Elk Hunting With Your Wife
By Dick Perue
Having recently returned from several weeks in the mountains hunting, fishing, relaxing, drinking beer, BSing and just enjoying the most beautiful fall colors I witnessed in years, I was reminded of an elk hunting story I wrote more than 30 years ago. My “Saratoga Chips” column in the Oct. 18, 1978, issue of The Saratoga Sun read:
Any elk hunter with experience knows better than to take his wife hunting with him.
Every time he does “give in” and take the little woman along, she ends up getting the biggest bull in the woods.
I am well aware of this happening, but I took Marty elk hunting anyway, and sure enough she has the only elk in camp and it is a big six-point bull.
Marty not only got the only elk so far, but she also proved another of the known elk truisms – those women will kill it down in the deepest hole in the country, in a pile of downed timber and then expect the men to spend two days carrying it to camp a quarter at a time.
The big bull my wife bagged wasn’t quite as bad, but the hill on which it was killed was so steep you couldn’t walk on it without slipping and sliding. The only way the elk kept from sliding to the bottom was when it fell, it rammed its antlers into a pine tree and hung there. We dressed it out while the bull’s antlers remained implanted in the tree.
It took four of us most of Tuesday to pack the meat and magnificent rack back to camp.
After bagging her first elk, now Marty’s talking about getting a big black bear we see every year. Sure hope the bear stays hidden, since the little woman is starting to gain confidence after getting a deer and an elk.

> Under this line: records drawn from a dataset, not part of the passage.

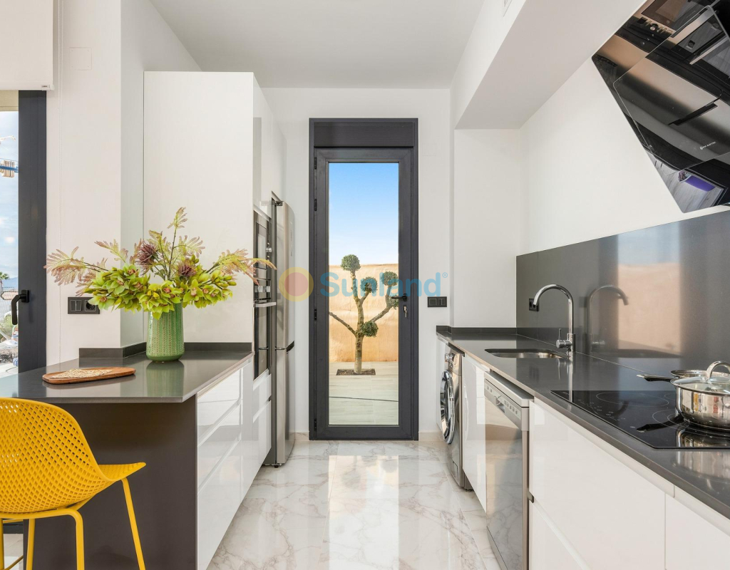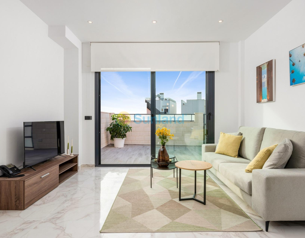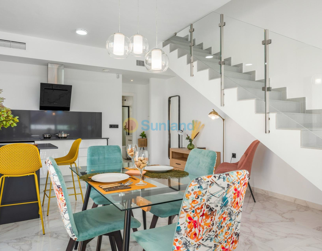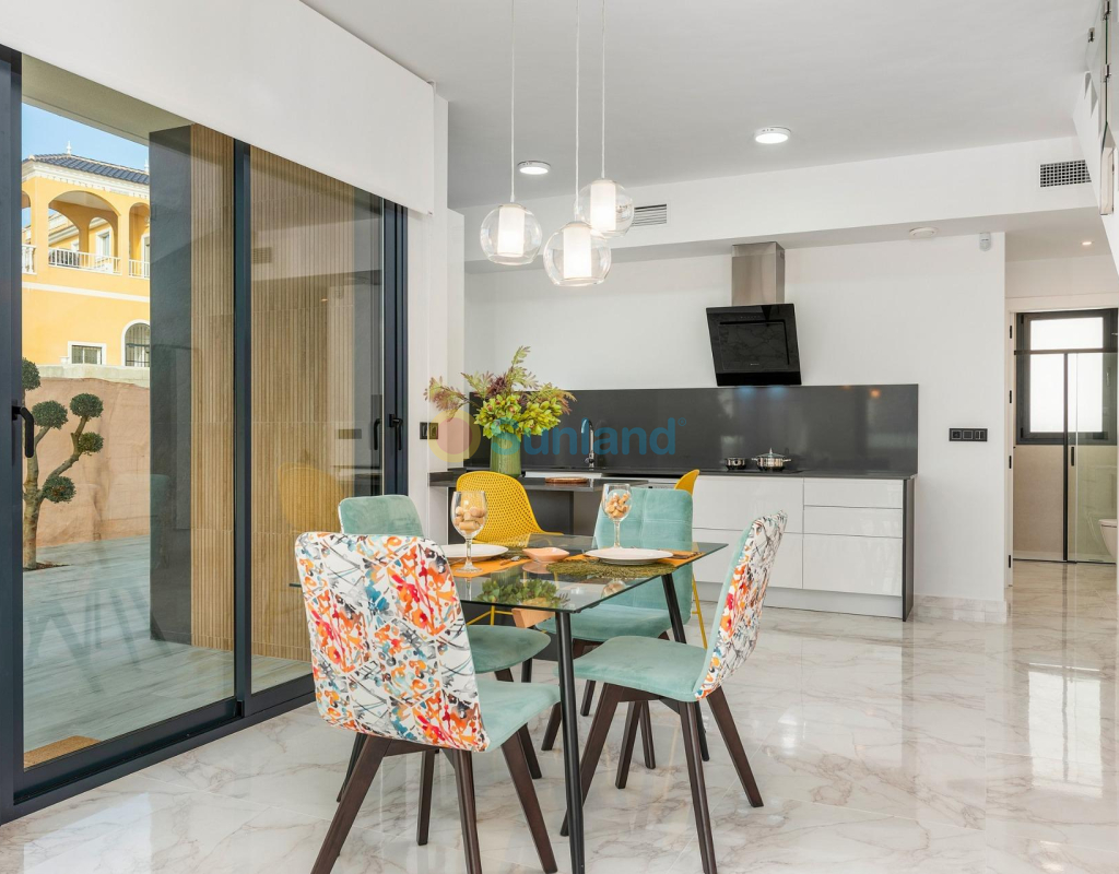 PAREADO DE OBRA NUEVA EN BENIJÓFAR CON PISCINA PRIVADA Pareado con 3 dormitorios, 3 cuartos de baños, cocina abierta al salon-comedor, parcela de 192 m2 con piscina privada y terraza en planta primera de 16 m2 con vistas despejadas. Posibilidad de habilitar un solárium privado de 46 m2 con un coste extra. Benijófar se encuentra en el margen derecho del río Segura, está bien comunicado con Orihuela y Guardamar del Segura por la carretera que te conducirá a sus estupendas playas de arena fina, a menos de 8km de distancia. Hay varios campos de golf en los alrededores (a menos de 4 km). También está comunicado mediante una carretera comarcal con Torrevieja. A 42 km. de Alicante y a 85 km. de Benidorm.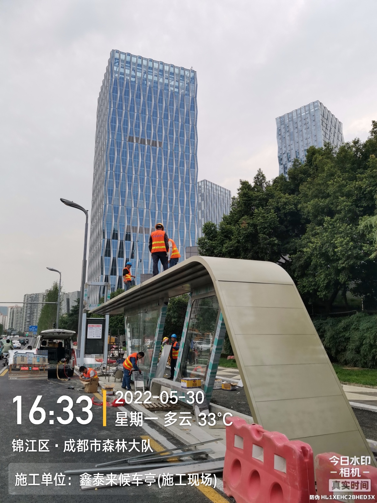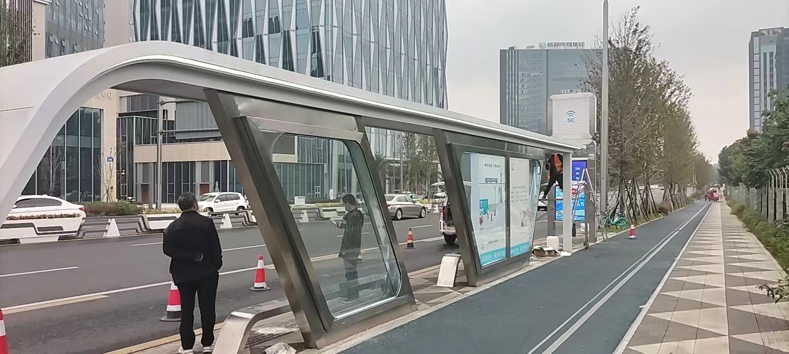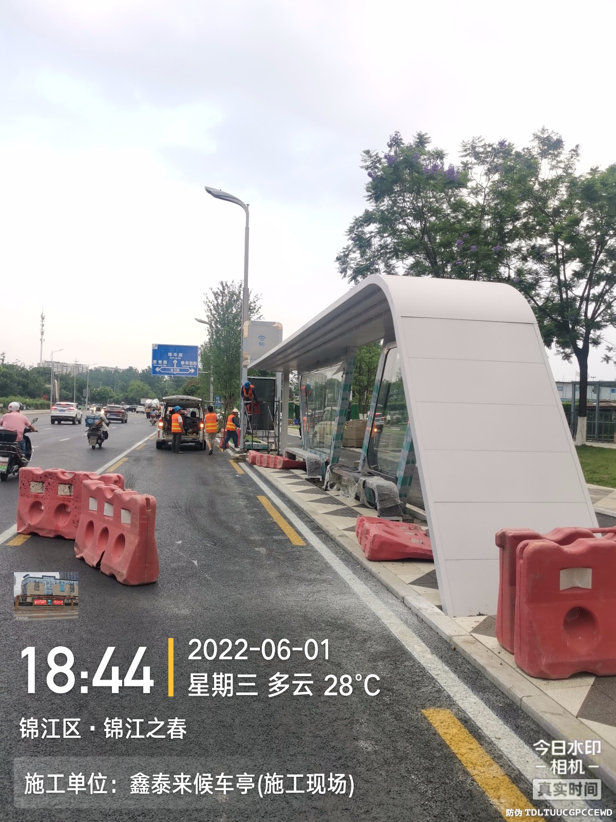 【鑫泰來候車亭】在成都市區(qū)完成的又一力作:成都市錦江大道智慧公交站棚(5G站牌)完工交付使用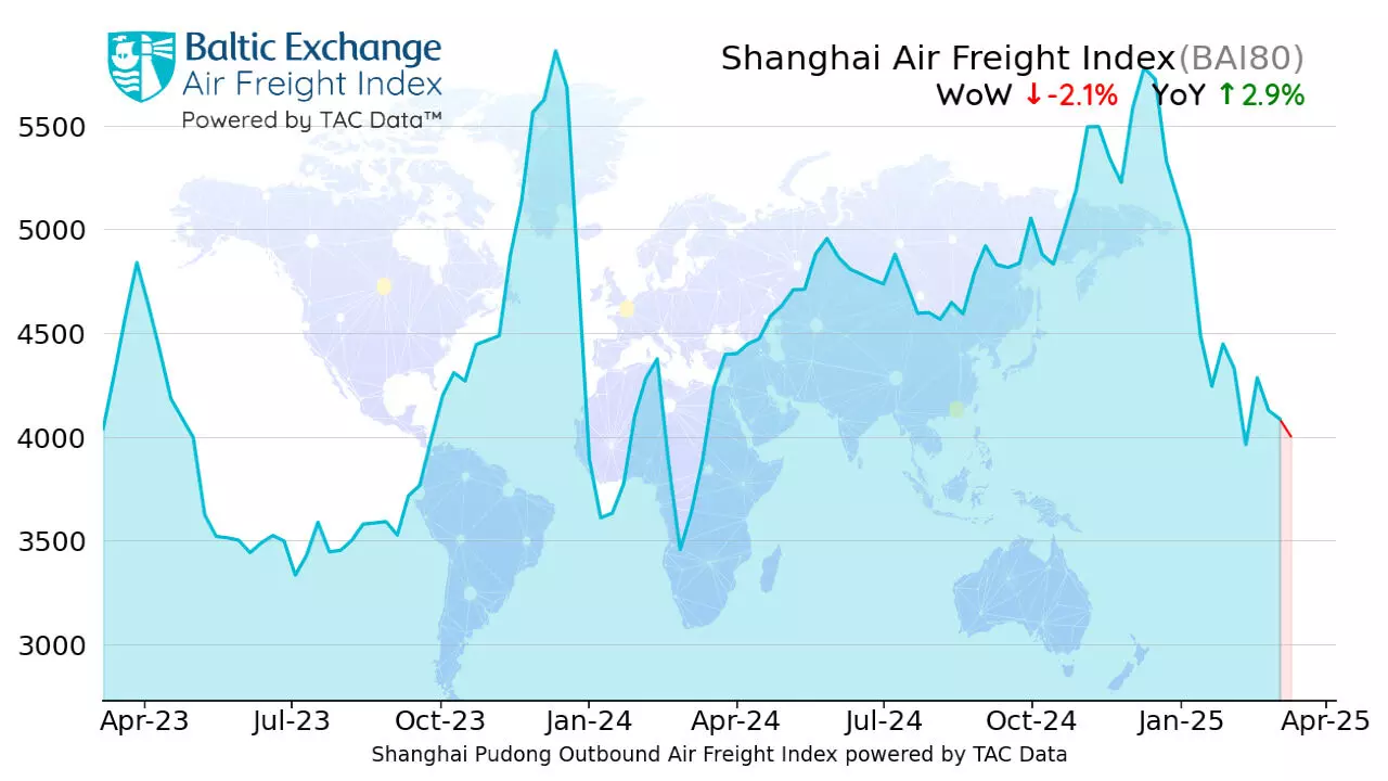 After plenty of volatility, last week was a relatively quieter period for global air freight, according to the latest data from TAC Index. The global Baltic Air Freight Index calculated by TAC was unchanged in the week to March 10, still ahead by +6.2 percent year-on-year.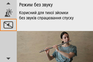 Коли потрібна тиша, можна знімати без звуків спуску затвора або інших звукових сигналів. Під час зйомки на екрані на мить відображається біла рамка.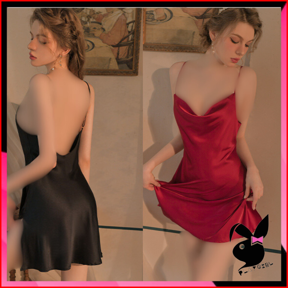 Playgirl Baju Tidur Wanita Sexy Lingerie Dress Lingerie Sexy Hot Suspender Rayuan Loungewear Solid Warna Bahan Polyester
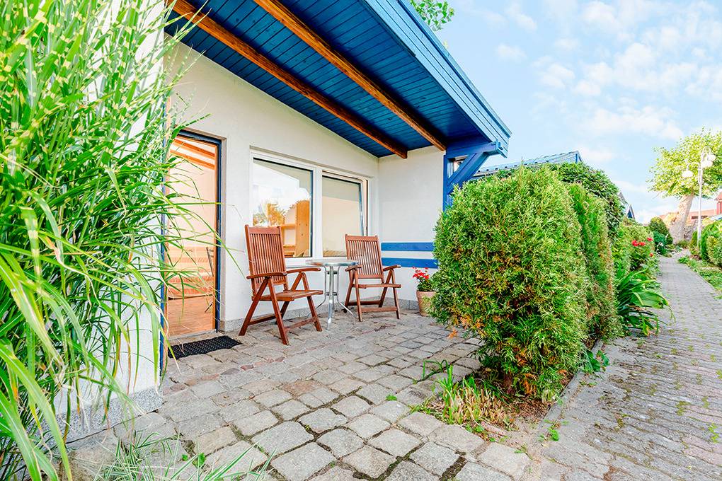 PL 34.23 Ferienhaus 1-4 Pers.: Gemütliches 2-Zimmerhaus mit ca.30 qm Wohnfläche. Wohn-/Essraum mit Kamin, 2 Sofas (Schlafcouch 2 Pers.), kleinem Tisch, Sat-TV mit deutschen Programmen. Doppelzimmer mit Schlafsofa (2 Pers.), Pantryküche (2 E-Platten, Abzugshaube). Bad/WC. Schöne überdachte Terrasse mit Sitzmöbeln.
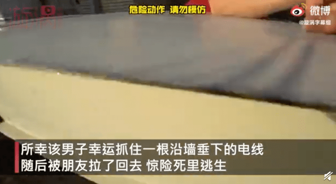 原标题:惊魂一刻!俄男子跑酷脚滑摔下房顶死里逃生,侥幸抓住电线狂喘气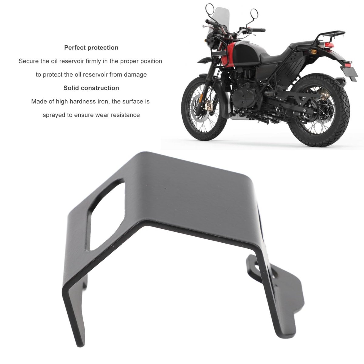 [Stylish Appeal] Not only does this guard the reservoir, but it also adds a rugged and stylish look to your motorcycle's aesthetic.. [Enhanced Safety] Securely mounting the brake reservoir prevents tearing or damage, ensuring a smoother and safer ride.. [Fit for Specific car types] Designed to fit himalayan 20182023 and scram 411 20212023 car types for a secure and installation.. [Sturdy ] Crafted from high hardness iron block with a wear-resistant coating, this guard ensures longevity.. [Easy Installation] With a solid protective component, the reservoir is firmly secured, eliminating the risk of damage or loss during rides..Other fine products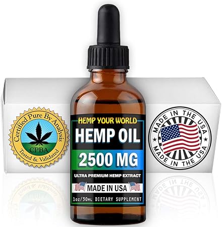 Amazon Com Hemp Your World Hemp Oil Drops Made In Usa 100 Organic Hemp Oil Extract For Pain Relief Anti Inflammatory Joint Support Sleep Aid Supplements No Thc 2500 Health Personal Care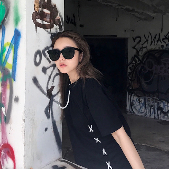 Star Zhou Yangqing same white frame sunglasses female tide face face Korea Net Red Street shoot box sunglasses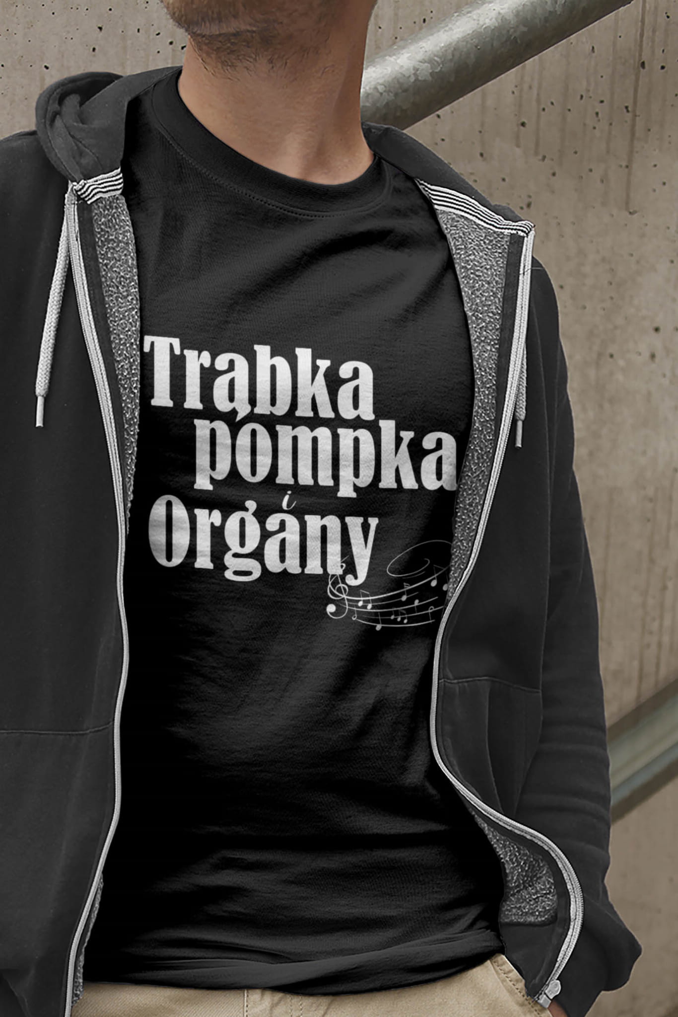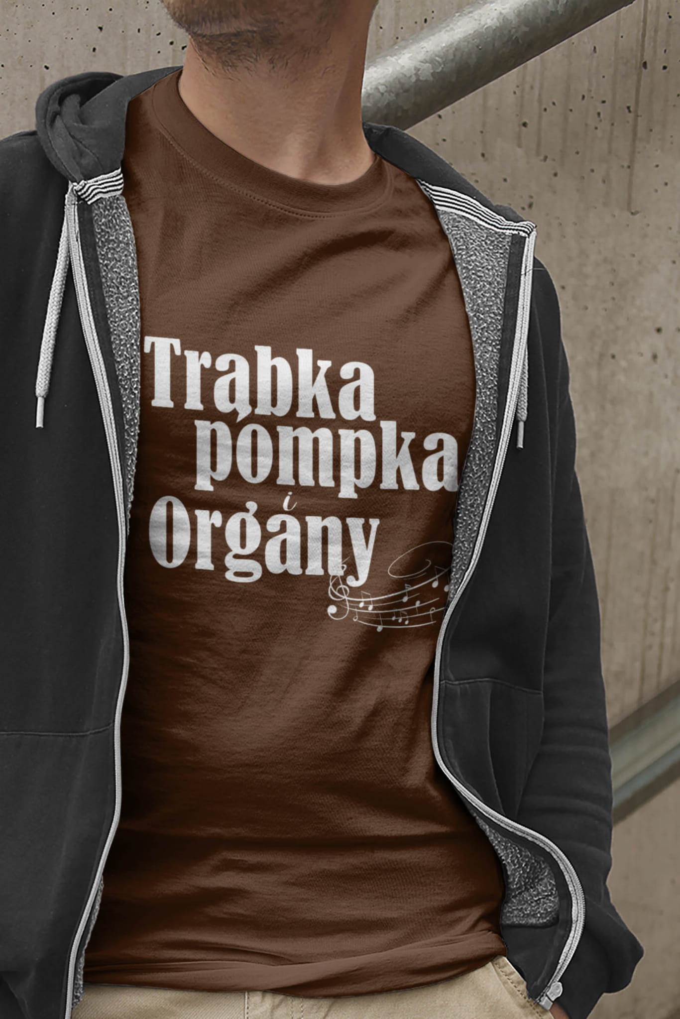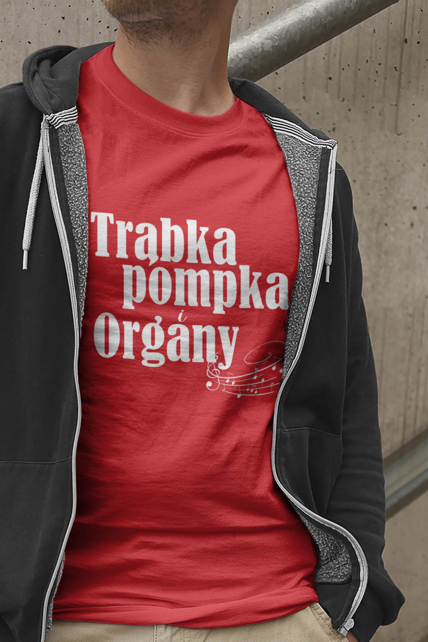 Koszulka dla muzyków. Trąbka, pompka i organy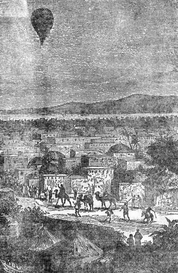最初,博士对气球前进的方向稍稍感到有些恼火,但是当他看到库卡——博尔努著名的首府时,他再也不抱怨了。他观察了片刻,只见这座城市的城墙上涂有白色的粘土,几座建筑粗糙的清真寺笨拙地耸立在密集的阿拉伯屋顶上空,而那些房屋好像游戏的骰子。这就是大部分阿拉伯城镇的模样。在一些家庭的院落以及一些公共广场,生长着一些棕榈树和橡胶树,那些橡胶树的树冠直径达100英尺。乔请他的同伴们注意,事实上这些巨型阳伞的大小和阳光的强烈程度有关,因此,他更加得出了上帝可爱的结论。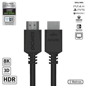Cabo Hdmi Ultra 2.1 28awg Puro Cobre 8k 60hz 2 Metros - Phm8k-2 CERTIFICADO PELA HDMI.ORG Vídeo 3D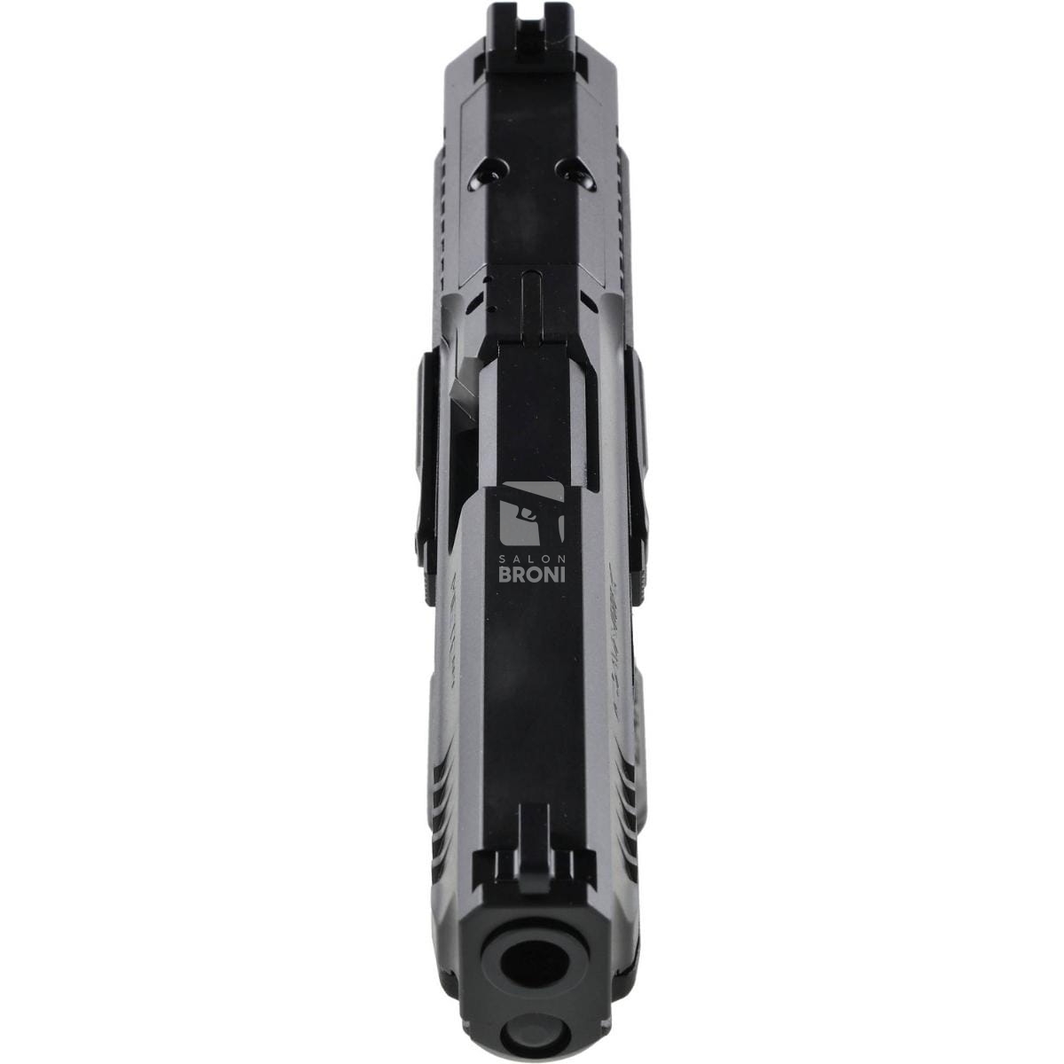 Niskoprofilowy zwalniacz rygla i celownik o skośnej krawędzi (do obsługi awaryjnej jedną ręką) zwiększają funkcjonalność w wielu sytuacjach. Spust o płynnej akcji i krótkim sportowym resecie pozytywnie wpływa na osiąganie najlepszych możliwych wyników. Ponadto w Canik TP9 Mete SFT znajdziemy szereg oburęcznych elementów sterujących, takich jak niskoprofilowy zatrzask i zwalniacz zamka, czerwony stroik zabezpieczający spust z rowkowaną belką oraz zwalniacz magazynka w trzech rozmiarach (S/M/L). Szkielet Canik TP9 Mete SFT uzupełnia lżejszy i chłodniejszy bolt, wyposażony w 13.20 cm lufę zapewniającą efektywne strzelanie i przygotowany do nisko zamontowanych mikrokolimatorów, takich jak kolimator Trijicon RMR czy Shield RMS/RMSc. Miejsce to jest standardowo zaślepione, a w przypadku zastosowania kolimatora należy zastosować płytkę współbieżności (w zestawie).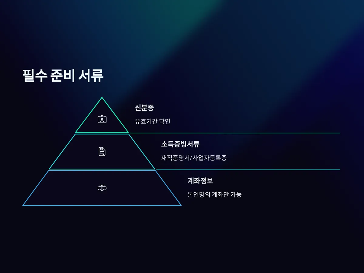 당일 대출을 위해 가장 중요한 것은 '완벽한 서류 준비'입니다. 일반적으로 필요한 서류는 신분증, 재직증명서 또는 소득확인서류, 그리고 계좌정보입니다. 만약 직장인이 아니라면 프리랜서나 자영업자의 경우, 사업자등록증과 세금신고내역이 추가로 요구될 수 있습니다.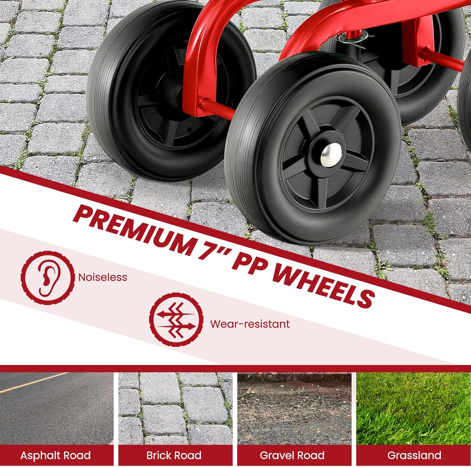 • Smooth 4-Wheel Mobility: Four 7-inch PP wheels of this gardening workseat ensure effortless movement across grass, gravel, and concrete. The anti-skid tires offer stable rolling on varied terrain while seated. This design enhances maneuverability during garden tasks.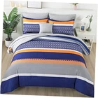 Return Policy Fast Delivery Trusted seller 8 Pieces Bed in a Bag Stripe Comforter Set Queen Size,Blue Patchwork Striped Comforter with Sheets Set Soft Microfiber Boho Bedding Sets (Blue,Grey) Product Description 【Bed in a Bag Comforter Set】8 pieces queen size bed in a bag includes 1 comforter(90"×90"),2 pillow shams(20"x26"),2pillowcases(20"x30"),1fitted sheet(60"×80"+12"),1 flat sheet(90"×102"),1 decor pillowcase(15"×15"). 【Modern Reversible Striped Design】Reversible stripe comforter set design combines with boho pattern.A side is blue grey orange stripe pattern,B side is elegant grey.Striped design with a boho pattern to add bedroom into classic and modern style. 【Premium Material】Stripe bedding set is made with premium quality microfiber which provides superior breathability and softness for exceptional durability.Soft microfiber bedding set keeps you pretty and warm sleep through every night. 【All-Season Using】Patchwork striped comforter's weight is ideal for year-round use. The bedding comforter set keep you warm in the winter and fit to use in the summer. 【Easy to Care】Queen comforter set easy to care and clean with mild detergent. Wash the reversible comforter set separately in cold water. Air dry or tumble dry on low heat. Shipping Returns Payment Shipping Shipping is FREE to all addresses other than APO/PO boxes in the lower 48 states. All our stock ships from US-based warehouses. Shipped via USPS or UPS (depending on location and package weight) Unless stated otherwise, all orders will ship within 24-72 hours of your payment being processed. Check our feedback to see the great reviews of FAST shipping we offer. Returns Seller does not accept returns Payment We currently accept payment via eBay managed payments only. Once payment is cleared, we will dispatch your shipment within 1-3 business days. Please refer to the "Shipping" tab for more information regarding shipping speed to your destination.

The only thing I’m good at getting is a special elk permit nearly every year. Maybe I’ll see a big, dry cow wander by camp while I’m doing the gutting and packing and fixing supper, while Marty is bear hunting.
It’s back to the woods tomorrow to try my luck.
This year’s memories of past hunting trips with Marty were especially plentiful and vivid as she passed away this spring.